Он показал на «альфа-ромео».
— Сядем? — В глазах Аркадия Сергеевича читалась
тревога. — Зачем?
— Чтоб у вас ноги не подкосились.
За всё время, пока Николас говорил, Аркадий Сергеевич не
произнес ни слова. Смотреть на него Фандорин не решался. Мстительное чувство
прошло, осталась только неловкость, усиливающаяся с каждой секундой. У человека
рушится мир, сердце разрывается на куски — какое тут может быть злорадство.
Особенно если и сам сидишь на пожарище собственного мира, с разбитым,
заржавевшим сердцем.
Договорил, умолк. Какое-то время оба погорельца сидели
молча. Потом Ника наконец осмелился взглянуть на слушателя — и увидел, что сраженный
горем отец улыбается. Улыбка была странная, адресованная не собеседнику, а
куда-то в пространство. При этом в глазах депутата блестели слезы.
— Я только одно скажу, — нетвердым голосом
проговорил он. — Я ни о чем не знал. Даже не догадывался. Говорю не для
того, чтобы отгородиться от сына. Он мне всякий дорог, а такой еще больше. Как
же он меня любит!
Сивуха смахнул слезу, и Николас вдруг понял: Аркадий
Сергеевич растроган и горд. Такой реакции магистр никак не ожидал.
— Говорю, чтобы вы меня не боялись: покрывать и
заметать следы не стану. Я же член Государственной Думы, — с достоинством
продолжил Сивуха. — Наше дело — вырабатывать законы, а не нарушать их. Мое
появление здесь объясняется очень просто. Мне позвонила Саша. Сообщила, что вы собираетесь
учинить допрос доктору Коровину. Я знаю Марка Донатовича много лет, мне было
ясно, что ваша версия нелепа. Но он мог с перепугу наговорить вам лишнего —
например про мои отношения с Сашей, это ведь он нас свел. Вашей беседе нужно
было помешать. Я немедленно связался с Олегом — предупредить и посоветоваться.

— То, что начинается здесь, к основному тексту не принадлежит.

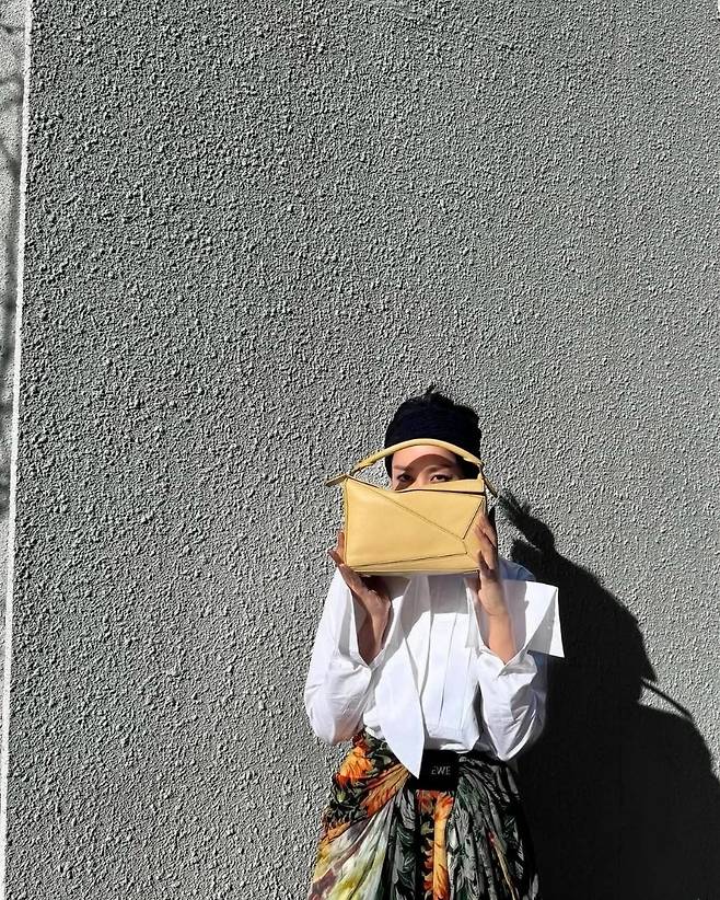 머리에는 블랙 헤어밴드로 포인트를 주며 얼굴을 또렷하게 살렸고, 옐로 컬러의 기하학적 구조 백으로 산뜻한 컬러감을 더해 전체 룩에 생기를 불어넣었습니다.

Я привык во всем с ним советоваться, он же гений. Олежек сказал: я все улажу.
И позвонил в охрану, сообщил, что в окно третьего этажа
влезли ниндзя, сообразил Ника.
— …Потом я перезвонил Саше и сказал, что выезжаю. Ждал
всякого, но такого… Значит, Марк Донатович умер?
— Не умер, а убит! — жестко поправил
Фандорин. — Вашим сыном. Как и многие другие.
— Не кричите, — попросил Сивуха. — Я это и
так понял. Сказал же: покрывать Олега не буду.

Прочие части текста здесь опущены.